UK CEO at HelloFresh Adam Park added: “The TTIs meet the highest safety standards and can help us eat more sustainably, without compromising on flavour. The UK has an opportunity to be a leader in supporting innovative technologies like these, and we look forward to introducing these indicators on our fish as soon as we receive regulatory approval. Implementing these indicators would not only benefit our customers, but also help the planet.”
Consumer concern about food waste is growing
The push for regulatory change comes amid rising concern about food waste among shoppers.
One in five consumers throw away perfectly safe and edible food because they rigidly follow date labelling – regardless of the quality, reveals a new survey by HelloFresh and Kantar, which used 7,500 participants in Germany, the UK, Belgium, the Netherlands and France.
More than 40% of the survey participants said they were ‘convinced’ that there is a need for a new food labelling system in order to minimize food waste. Most said they were ‘open’ to a new food labelling system that helps to avoid meals going to waste. More than half of the survey participants agreed there is a need to educate consumers more about how to avoid food waste at home.
Half of the respondents estimated they throw away 20 euros worth of food each month. One in five Brits estimate they throw away more than £500 of food each year, with costly meat and fish amongst the most likely to be wasted.
Consumers said they typically throw away food past the expiration date because they are afraid that the consumption of food past the expiration date might lead to illness or have other detrimental health effects. Half of Brits (52%) fear that when food is past its written expiration date it is bad for their health and might make them sick.
Other reasons are because it might not taste as good anymore and that consumers are simply following the expiration recommendation on the packaging.
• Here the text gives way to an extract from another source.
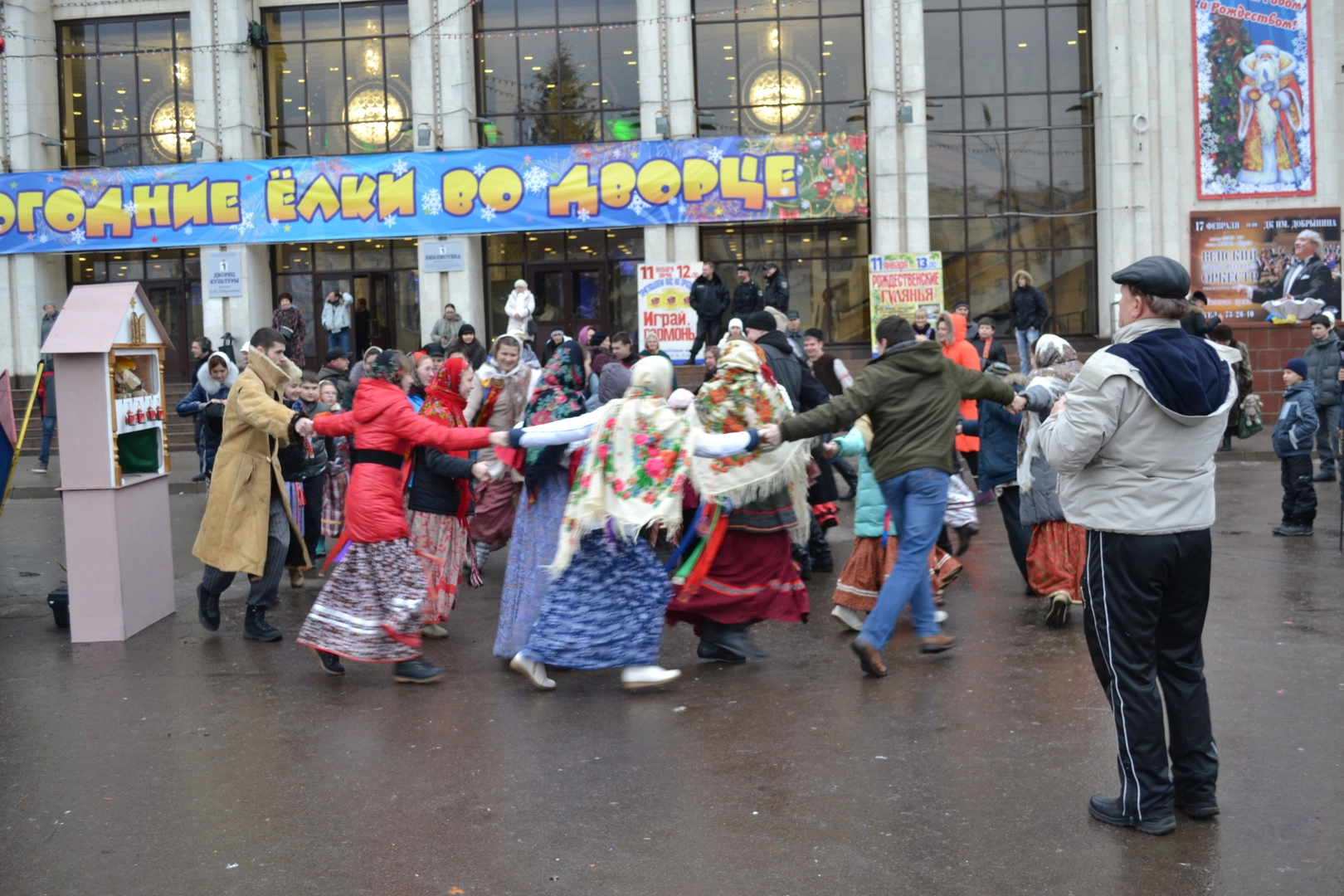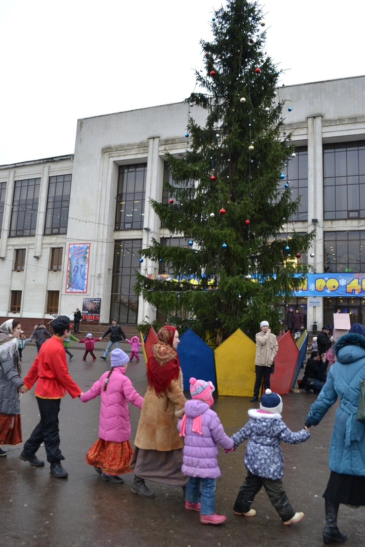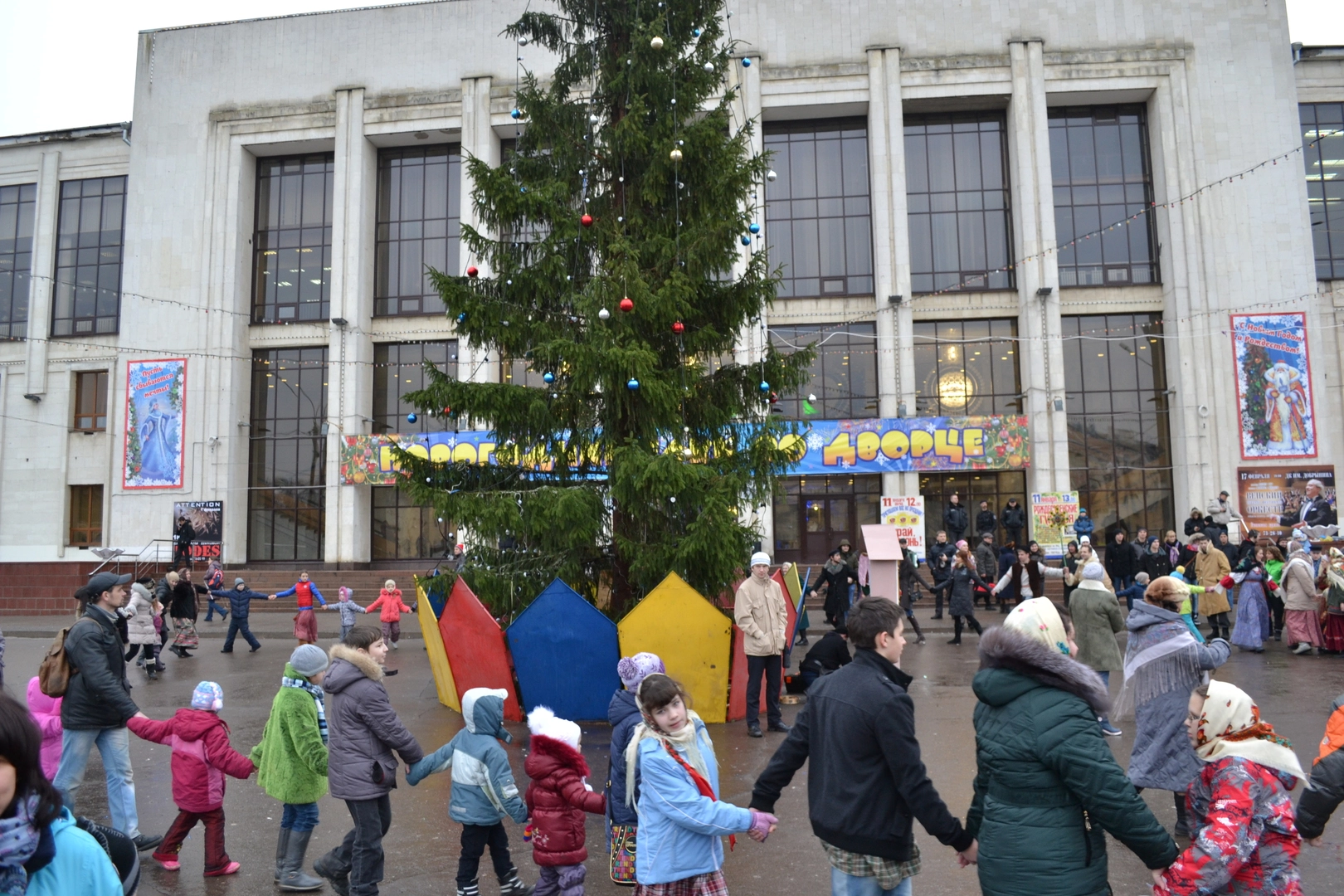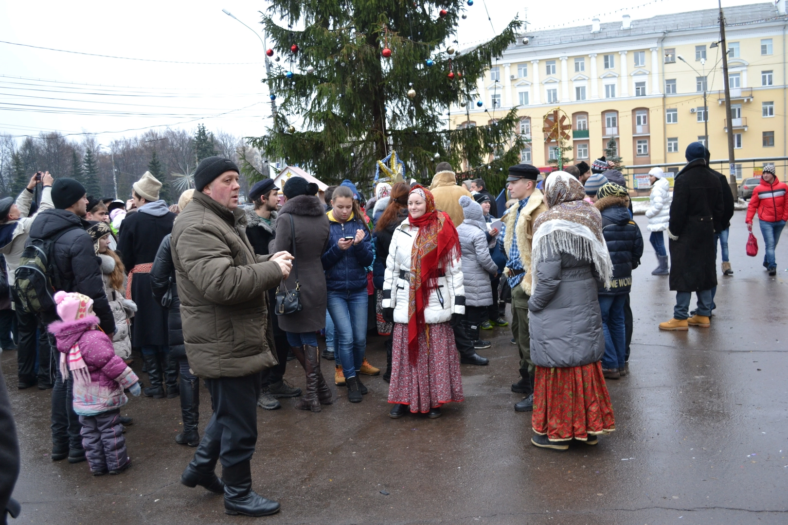 Все, от мала до велика, ходили большим хороводом вокруг стоящей на площади новогодней ели, весело распевая частушки, играли в «Ручеек» и другие традиционные забавы.

Every fifth person is throwing food away because they’re following the expiration date - regardless of the quality (28.6%), the survey said. On average, over a third of Brits are throwing away food at least once a week (39%) compared to just 17% in France and 19% in Germany.
“Our survey showed that fish is one of the top products most likely to be thrown out based on the recommendation on the packaging,” Eichstädt said. “If we can achieve regulatory change towards the time temperature indicator, we would like to use it for products like fish, meat and seafood, But the time temperature indicator offers many opportunities for goods that need a fully cooled supply chain,” he told us.
HelloFresh added it is committed to fighting food waste across the whole value chain. For example, it claims its model substantially reduces household food waste by 38% in comparison to traditionally cooked dinners and in 2022 it donated 12,040 tonnes of unsold edible food to charities, representing 53% of its total surplus food. It recently partnered up with meat company Buitelaar Group to repurpose unused food into pet food. This amounts to around 5 tonnes a week that would otherwise be destined for landfill or incineration.
No price increases for consumers
If regulatory changes were green-lit, meanwhile, costs would not be a challenge, Eichstädt added. Asked if consumers in the Keep-It trial had to pay more for their salmon, he told us: “The additional costs incurred from using a time temperature indicator are very low and therefore we wouldn’t increase any prices for customers. The time temperature indicator would be used for the premium products like fish and meat and therefore worth the additional investment on our end. In particular, wasting ingredients like fish and meat has a big impact on the environmental footprint which innovations like the time temperature indicator can help to prevent.”